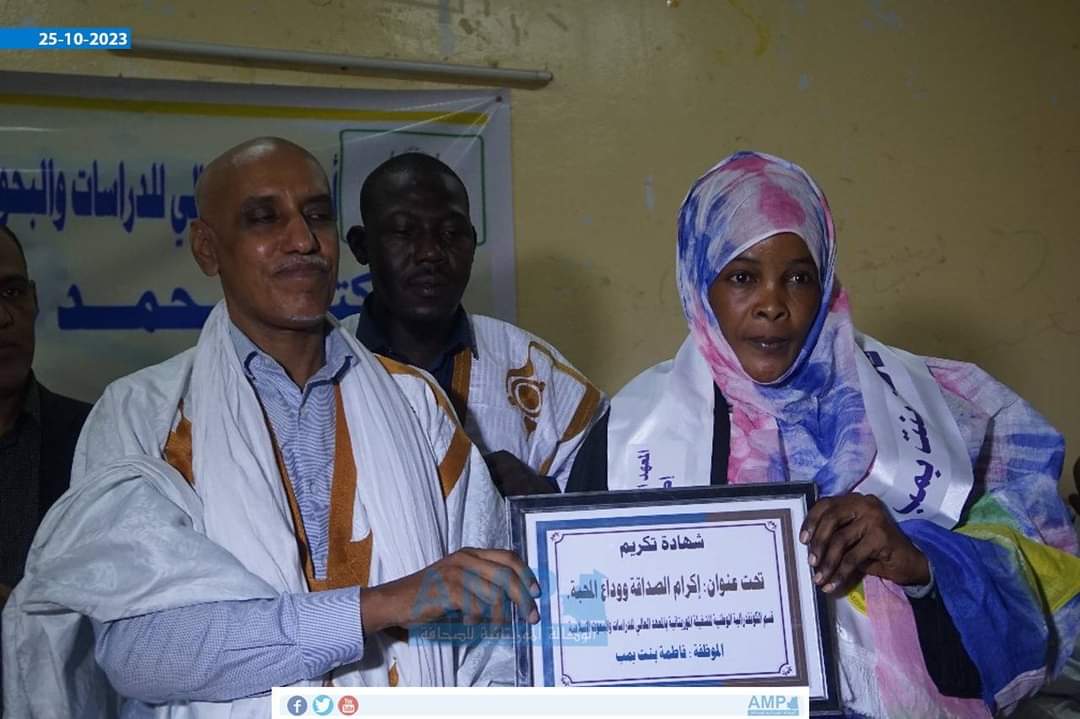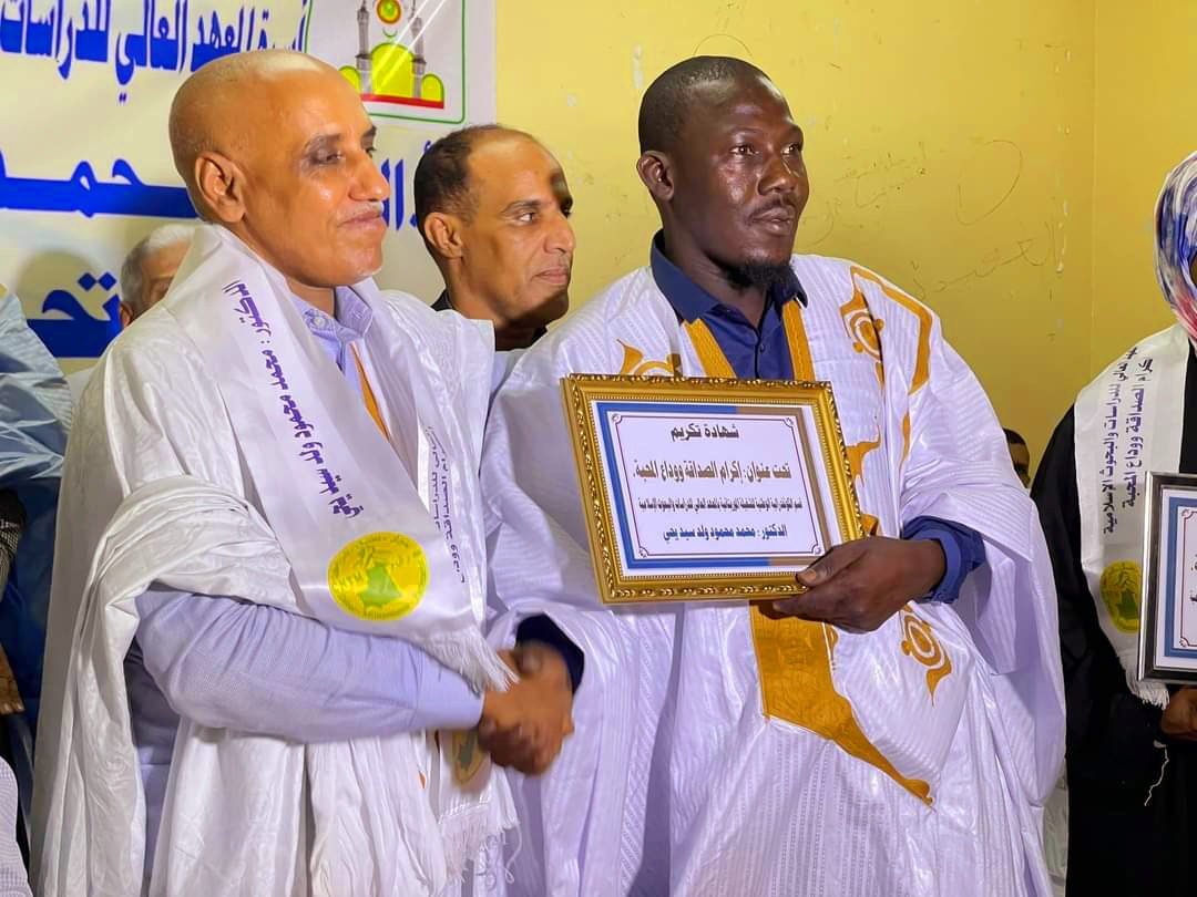 نظمت نقابات الأساتذة، والعمال، والطلاب بالمعهد العالي للدراسات والبحوث الإسلامية حفلا لتكريم الدكتور محمد محمود ولد سيدي يحي المدير السابق للمعهد..وشهد الحفل، الأول من نوعه في تاريخ المؤسسة العريقة، حضورا كبيرا لمشايخ العلم، والدكاترة، والعمال، والطلاب، غصت به القاعة الكبرى بالمعهد بإشراف من المدير الجديد الدكتور أحمد ولد اباه..وقد أكد ممثل النقابة الوطنية لأساتذة التعليم العالي الدكتور عبد الله عبد المالك في كلمة باسم رئيس النقابة تثمينهم للجهود ا
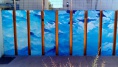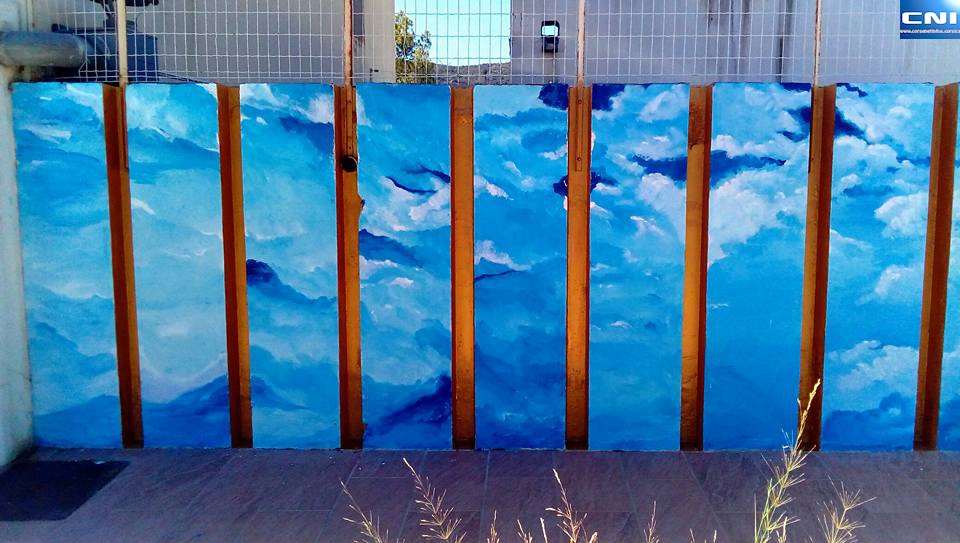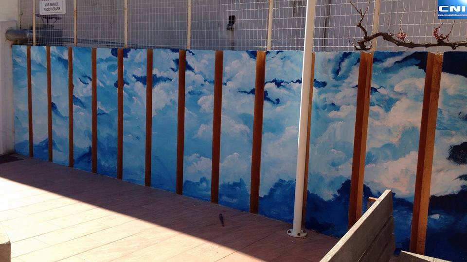 Dans le service d’oncologie, c’est une fresque d’une vingtaine de mètre qui a été réalisée par les deux artistes. Elle est la représentation d’un ciel avec une évolution des nuages. Cette dernière représente la vie, avec ses côtés sombres et des moments clairs. « C’est le cours de notre existence. C’est un message d’espoir ! ».
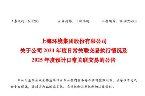 上海环境集团股份有限公司(简称:上海环境)近日发布《关于公司2024年度日常关联交易执行情况及2025年度预计日常关联交易的公告》。 上海环境认为,公司关联方因项目委托管理、油品销售、物业管理、办公楼租赁、工程咨询、污泥、污水、炉渣、渗沥液、飞灰处置、保安保洁等业务形成了日常持续性关联交易。其中主要的交易涉及了环境保护、项目管理等专...
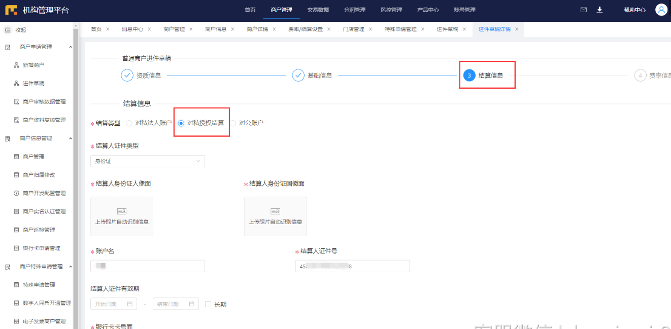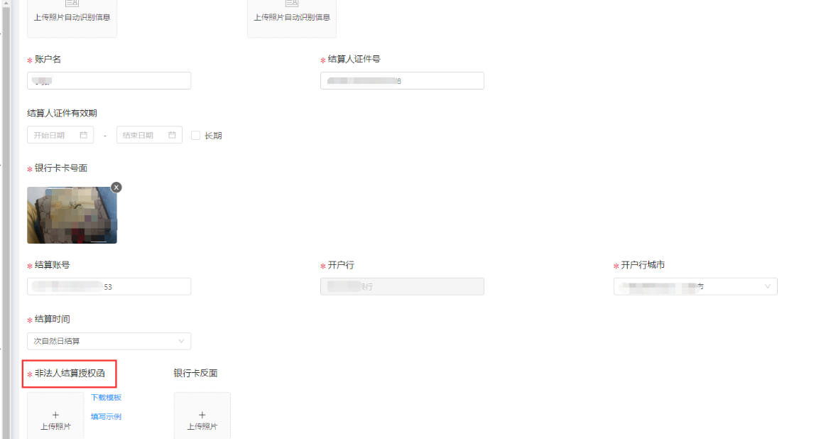 新增商户进件时候,填写结算信息的时候可以选择非法人结算,填写非法人信息,提供非法人结算授权函
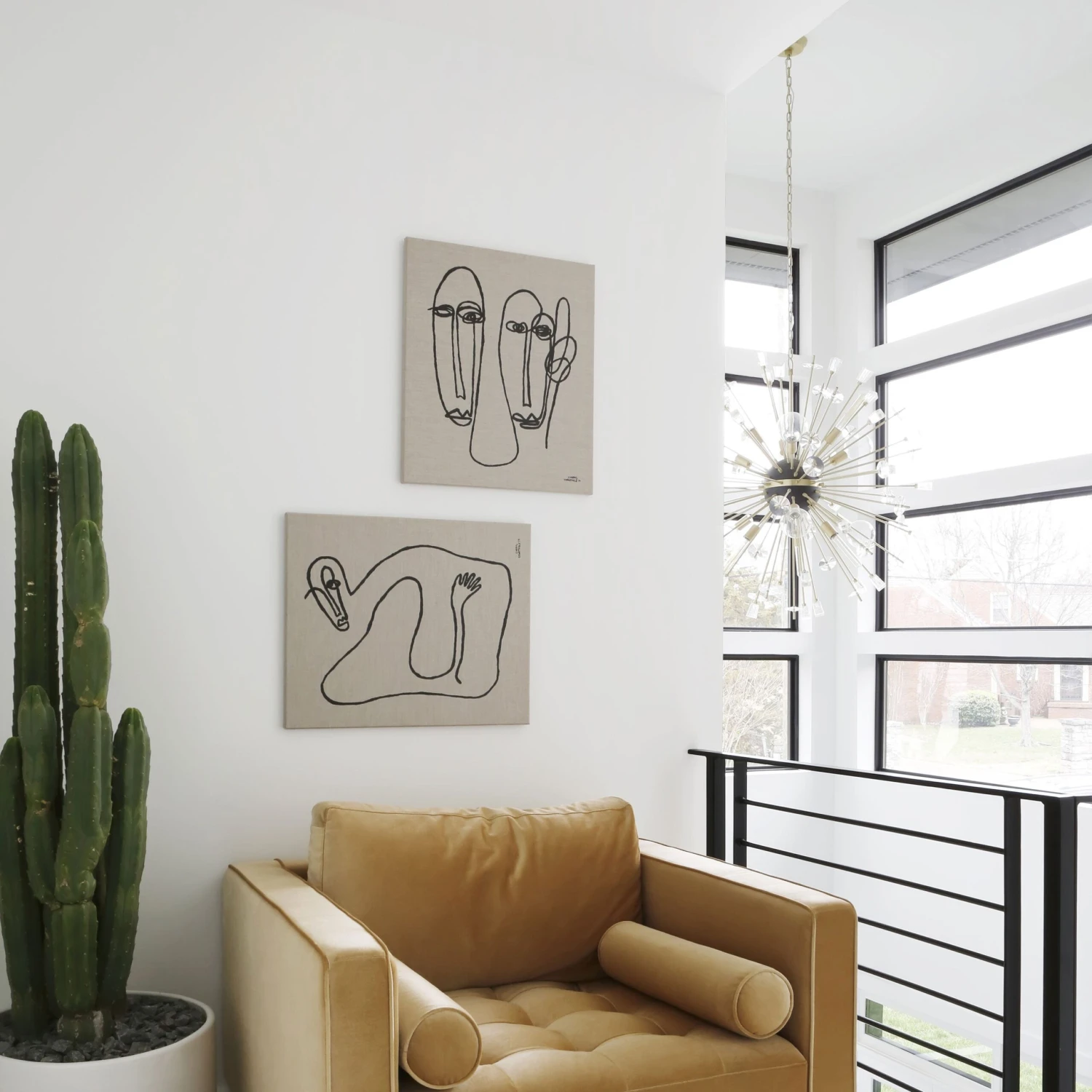 Liberty Chandelier starts with a core of matte-black metal, banded round its middle with a flashing contrast from the piece’s finish of choice—brass or nickel. Retro coil bulbs in ballooning clear glass create the primary light source; in larger models, tubular exposed-filament bulbs alternate. Cut-crystal discs and icy handcrafted glass adorn protruding rods, refracting the dazzling light in a thousand directions.
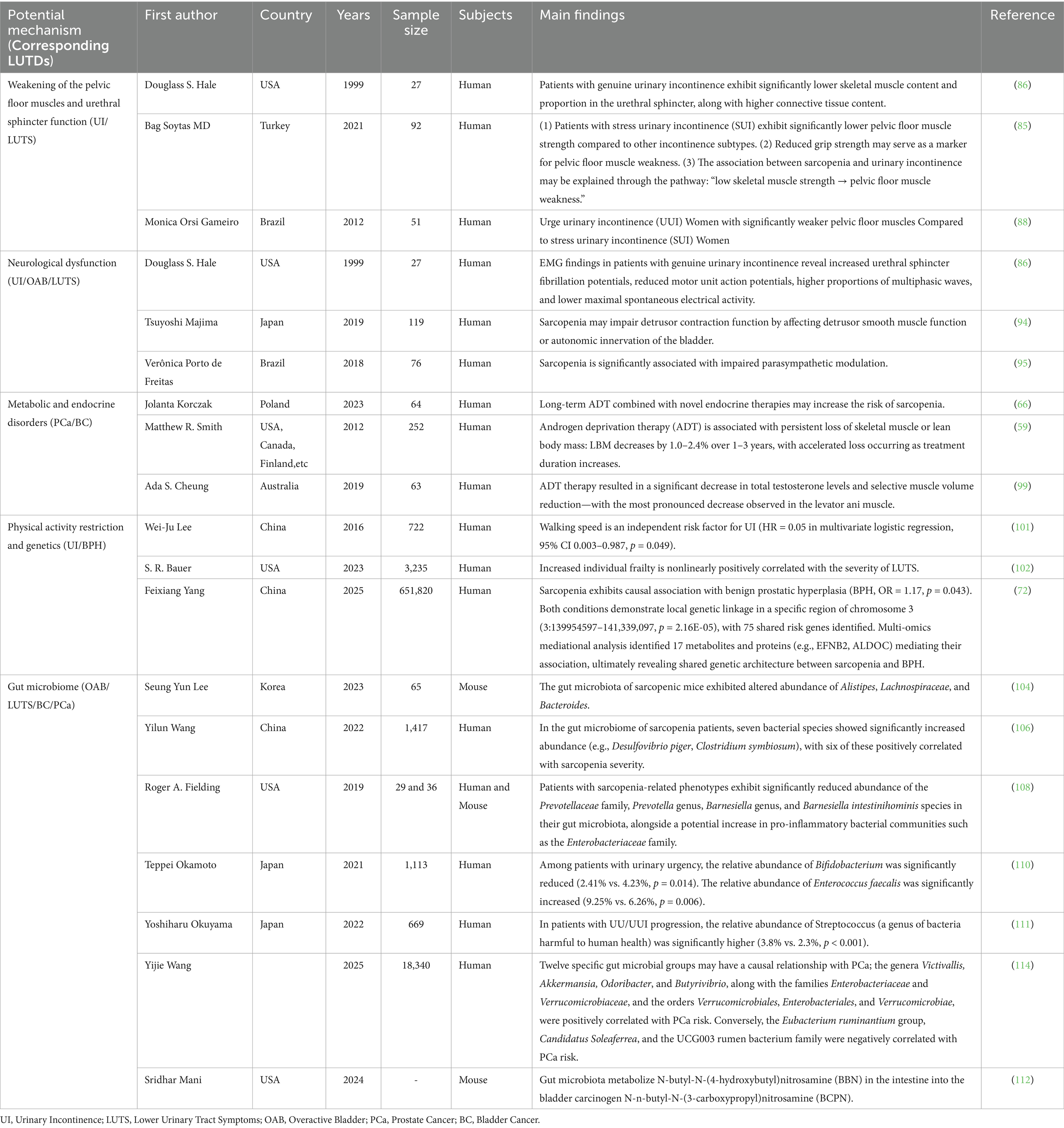 Table 1. Potential mechanisms and supporting evidence underlying the relationship between sarcopenia and LUTDs.
※
__Assigned task__.
Retype, word for word, the lines from the one with "上海环境集团股份有限公司(简" through the last line of the entries above, and only those lines. Leave pictures out.

__Answer space__.
 上海环境集团股份有限公司(简称:上海环境)近日发布《关于公司2024年度日常关联交易执行情况及2025年度预计日常关联交易的公告》。 上海环境认为,公司关联方因项目委托管理、油品销售、物业管理、办公楼租赁、工程咨询、污泥、污水、炉渣、渗沥液、飞灰处置、保安保洁等业务形成了日常持续性关联交易。其中主要的交易涉及了环境保护、项目管理等专...
 新增商户进件时候,填写结算信息的时候可以选择非法人结算,填写非法人信息,提供非法人结算授权函
 Liberty Chandelier starts with a core of matte-black metal, banded round its middle with a flashing contrast from the piece’s finish of choice—brass or nickel. Retro coil bulbs in ballooning clear glass create the primary light source; in larger models, tubular exposed-filament bulbs alternate. Cut-crystal discs and icy handcrafted glass adorn protruding rods, refracting the dazzling light in a thousand directions.
 Table 1. Potential mechanisms and supporting evidence underlying the relationship between sarcopenia and LUTDs.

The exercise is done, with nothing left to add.